The sheath 1 may be an elongate tubular member extending from a distal end 1a to a proximal end 1b. The sheath 1 can include an outer diameter that enables insertion into the channel 206 of the endoscope 200 and can move forward and rearward in the channel 206. As shown in FIG. 1, in a state in which the sheath 1 can be inserted into the channel 206, the distal end 1a of the sheath 1 can protrude from and be inserted into the distal end opening portion 206a of the channel 206.

FIG. 3 is a perspective view of the distal end portion of the treatment tool 100. The sheath 1 may include a tube 10 extending in the longitudinal direction A, and a distal end member 11 provided on a distal end of the tube 10. Further, the tube 10 and the distal end member 11 of the sheath 1 may be formed integrally with each other.

FIG. 4 is a cross-sectional view of the distal end portion of the treatment tool 100 when the distal end of the knife 2 is located at a first position P1.

The tube 10 may be an elongate tubular member having flexibility and insulation. The tube may be formed from or made of a resin or any similar material. In an example, a diameter expansion part (distal end portion) 10a having an outer diameter greater than that of the proximal end side may be provided on the distal end of the tube 10. The diameter expansion part (distal end portion) 10a does not necessarily have to include or be formed such that it has an outer diameter greater than that of the tube 10. For example, the diameter expansion part may have the same outer diameter as that of the tube 10. The distal end member 11 may be fitted and attached into the diameter expansion part 10a. Further, the distal end member 11 may be adhered to the diameter expansion part 10a by an adhesive agent or the like.

The distal end member 11 may be formed in a cylindrical or substantially cylindrical shape. For example, “cylindrical shape” can include a shape close to a cylindrical shape, in addition to a strict cylindrical shape. The distal end member 11 may be formed from, made of, or include an insulating material such as a resin or the like.

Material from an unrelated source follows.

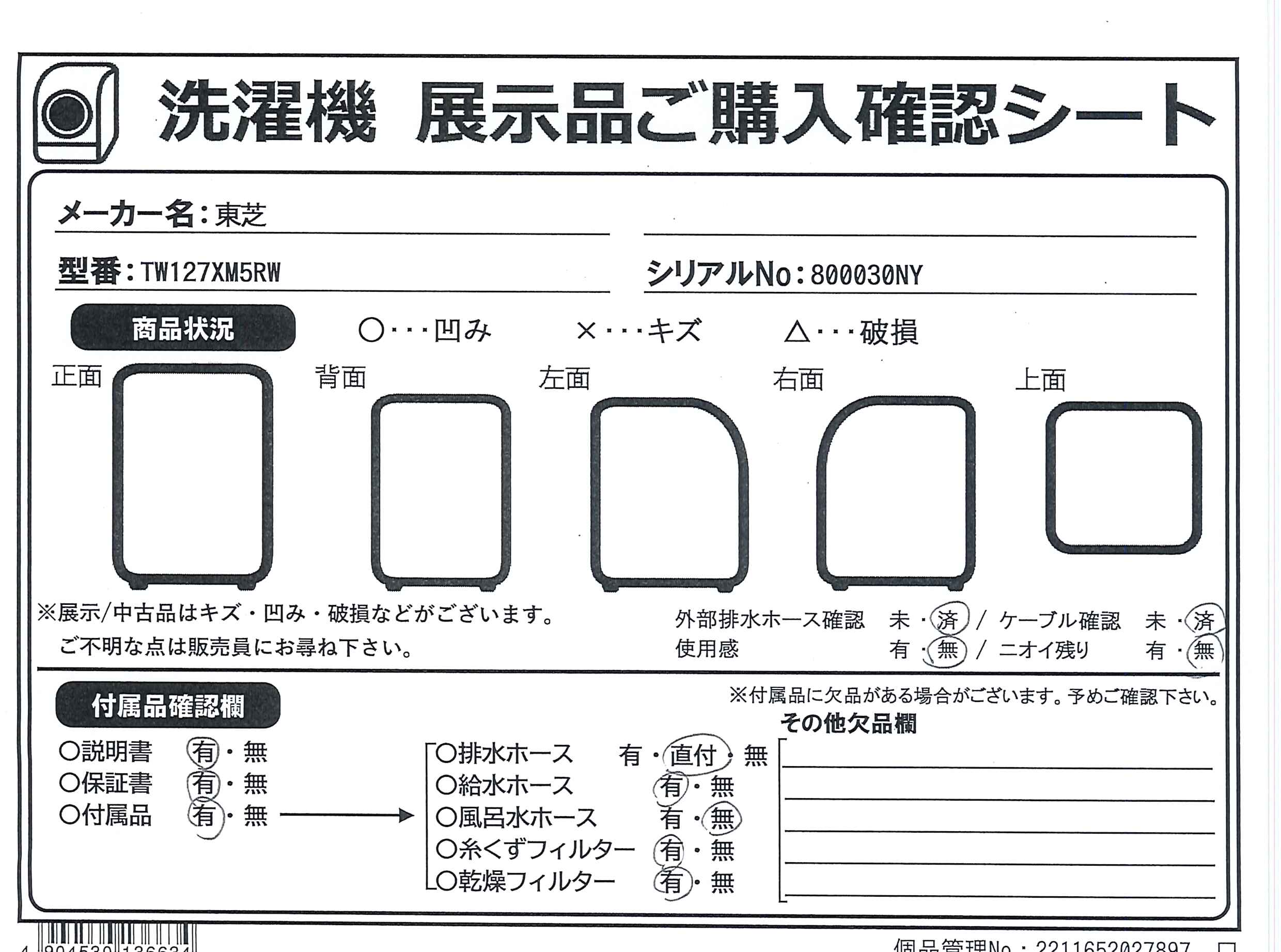中古商品ランクについて 付属品・商品状態について 〔付属品〕説明書、振付説明書、工具、安全カバー一式、給水ホース、ホースキャップ、排水ホースバンド×2、ホースキャップ

The distal end member 11 may be formed to have a first through-hole 12 and a second through-hole 13.

The first through-hole 12 may be a hole provided in the distal end member 11 and passing through the distal end member 11 in the longitudinal direction A. A distal end of the first through-hole 12 may be in communication or engaged with a first opening 12a formed in a distal end surface 14 of the distal end member 11. A proximal end of the first through-hole 12 may be in communication or engaged with an internal space 19 of the tube 10. The knife 2 can be inserted through the first through-hole 12.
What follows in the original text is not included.